Geulah/Redemption: What does it mean to be redeemed? Redemption is being free from peer pressure. Redemption is working really hard on something and feeling good about the hard work. Redemption is saying “I love you, Mom,” even though it’s not cool. Redemption is doing the right thing, even when it’s not so easy.

How do we leave the place of restriction and negativity to freedom and happiness? Let’s use the example of the Jewish people as a guide.

When the Jewish people originally went down to Egypt, Josef set aside a place for them in Goshen. It may have been the Jewish people’s own space, but it was still an alien land, and they paid a price; the influence of the Egyptians affected them. After the death of Josef and his brothers, they began to work for the Egyptians, but over time that turned into oppression and affliction.

It’s similar on a personal level. We innocently wander away from our home turf, the values of our home, and we find ourselves in a foreign place. These days you don’t even have to leave your house to do it. It doesn’t seem so bad at first. There is right and wrong after all, but little by little we can pick up some very bad habits, ones that we ourselves don’t even want.

So what did the Jewish people do to get out of Egypt?

While it was God who took them out, the Jewish people got the ball rolling. The verse says, “The Children of Israel groaned because of the work and they cried out” (Exodus 2:23). The groan was a plea for the hard labor to stop, but the cry was a prayer, a desire to be close to God. Together they initiated the process of redemption. “God heard their groaning, and God remembered His covenant” (Ex. 2:24). Even though the servitude and affliction had not yet stopped, that cry created hope. It wasn’t until “Israel saw the Egyptians dead on the seashore” (Ex 14:30) that the layers of slavery had been peeled away, but the process had begun.

We have to do the same thing. We have to want the better thoughts, healthier habits, close relationships, and a connection to God. We don’t have to have all the answers, but we have to care enough to cry out, “Over here! Me. I want good things. I want a relationship.” That’s our part. Then miracles can happen.

That desire to not merely run away from problems, but to go forward toward something positive is the message of the fourth word of redemption – “I will take you out.” The first three steps in the process of redemption are leaving Egypt, leaving all the negative stuff we no longer want behind. The fourth stage is striving toward a healthier, happier life. To be taken requires that we want God to take us. When we get that clear, there are no limits to the freedom and happiness we can experience.

How does the Passover Seder help us achieve this?

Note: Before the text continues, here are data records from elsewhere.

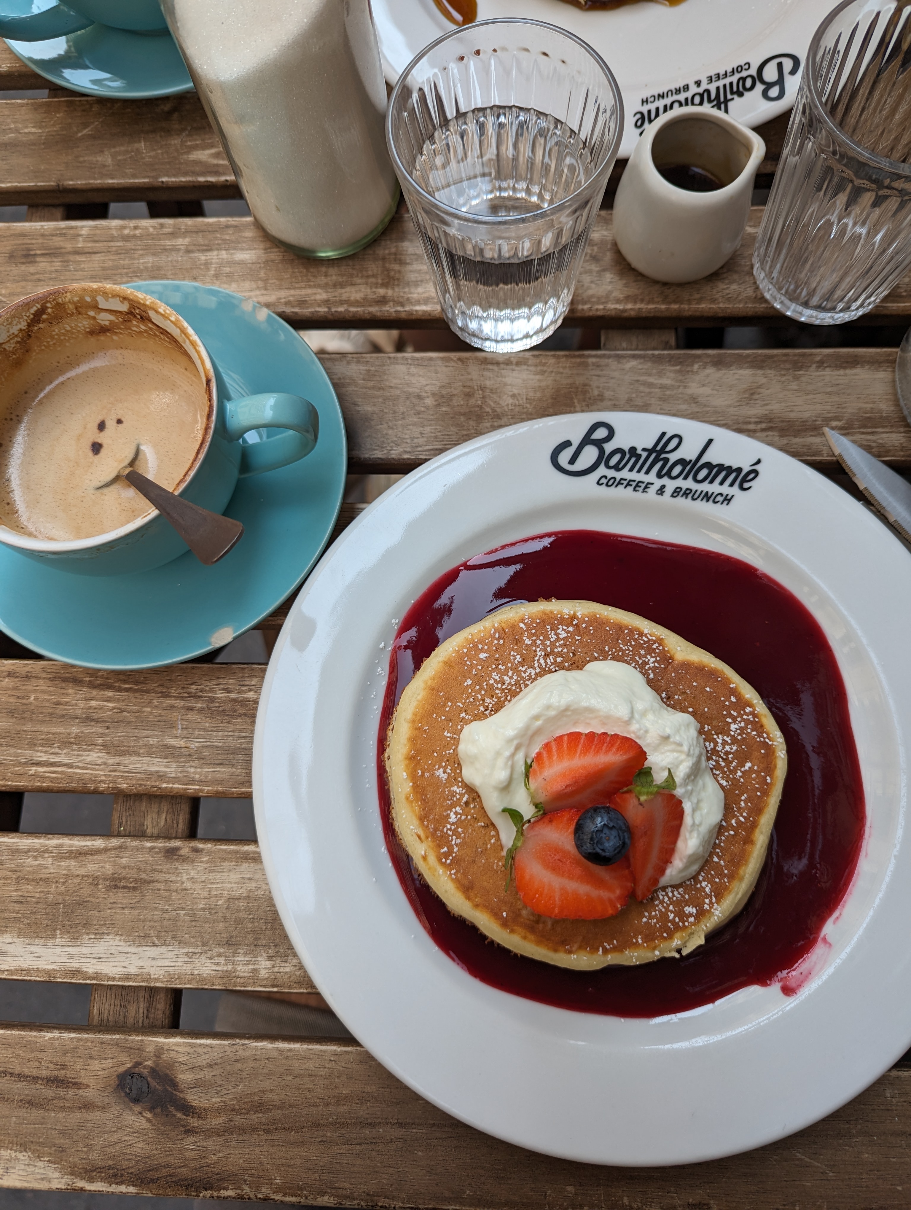Le meilleur brunch que j’ai pu faire, à un prix très intéressant. Tout était délicieux : du fromage blanc aux fruits secs, à la gaufre avocat bacon et œuf poché, en terminant avec les incroyables pancakes au sirop d’érable. Enfin, le jus de fruit pressé était également très bon. Seul point faible, le lieu est très petit, nous sommes un peu à l’étroit : avec autant de monde et une carte aussi bonne, n’hésitez pas une seconde : agrandissez le Bartholomé 😁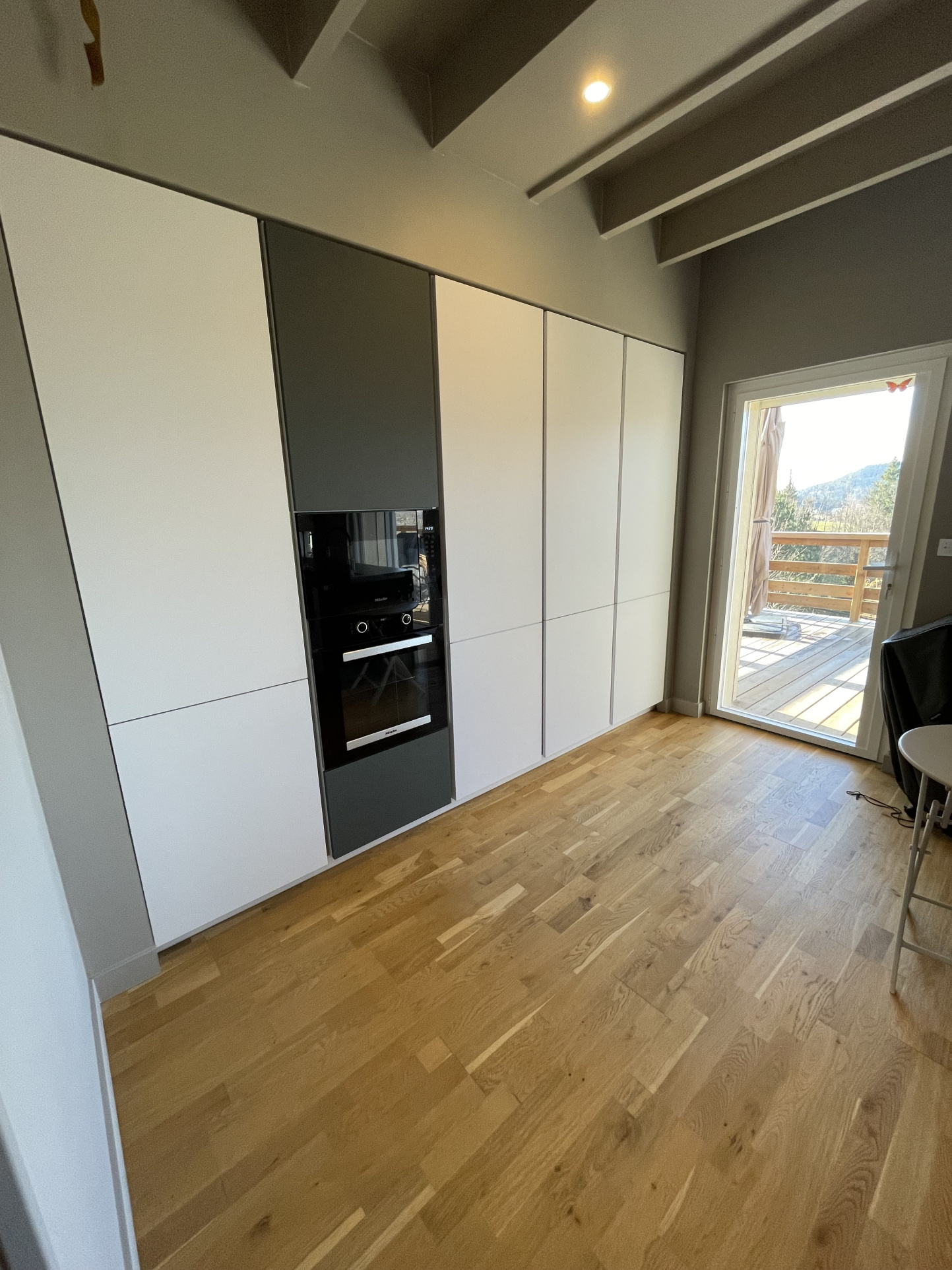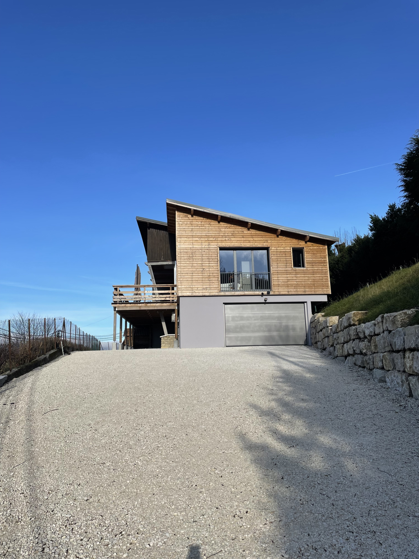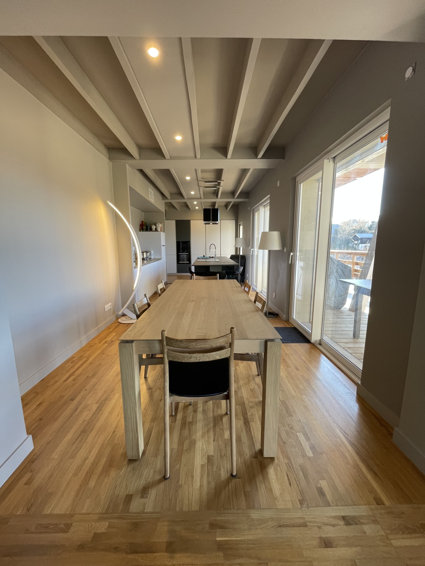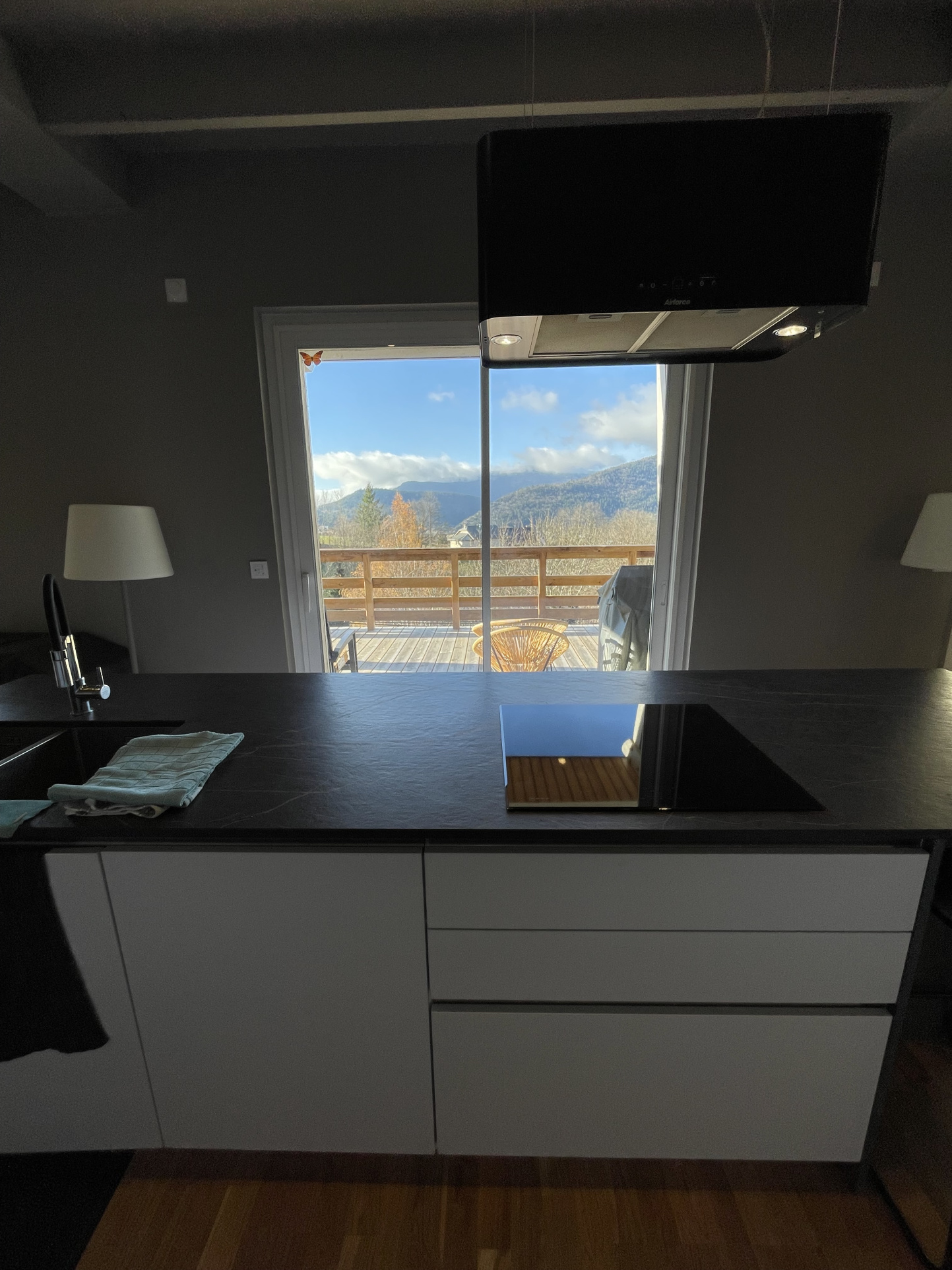 Cette maison orientée vers l’extérieur donne sur une grande terrasse-balcon exposée sud-ouest avec une vue panoramique. Le cadre est très agréable.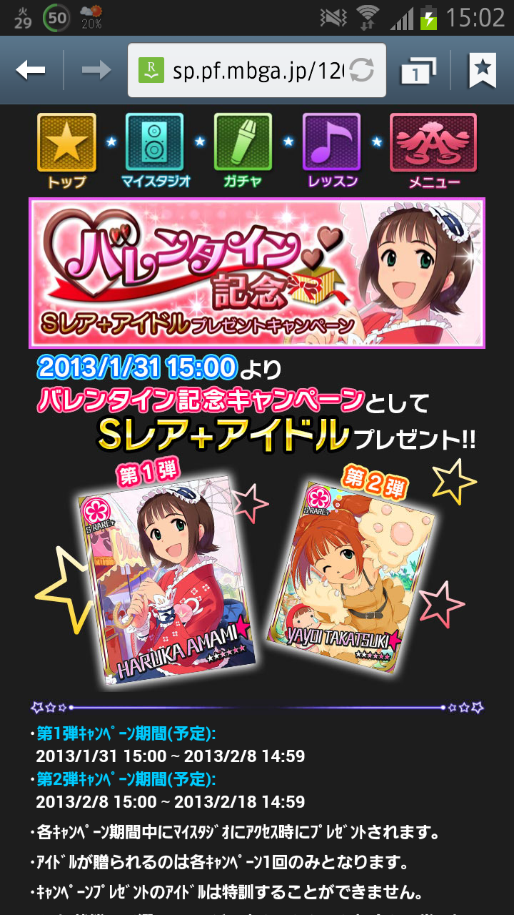 【速報】バレンタイン記念きた!1月31日にSR+天海春香、2月8日にSR+高槻やよいをプレゼント!ミニメールを贈ると引換券付きガチャチケも手に入るよ!

The amazing opportunity of Seder night is that God tells us that we have a chance to jump in an unnatural, miraculous way from a state of exile, our world of limitations, to get a taste of total redemption – freedom. (That is one of the meanings of “Passover” – we have the opportunity to make a leap in spiritual growth.)

Even more than that, we are given a “jump suit” – the way to experience that leap. It’s called the four cups of wine. As we drink each cup we want to move through the steps in the process of redemption, shedding the levels of slavery and opening ourselves to a world of true freedom.

So in order to prepare, ask yourself: what is enslaving you? What values or habits are preventing you from being who you want to be? Consider how that creates alienation, enslavement, and affliction in your life. Picture what life would be like with those blocks removed. Then go to the Seder with great anticipation. Before each of the first three cups of wine, ask God to take away the things that are holding you back. Then before the fourth cup of wine, ask God to take you to a place of freedom and joy.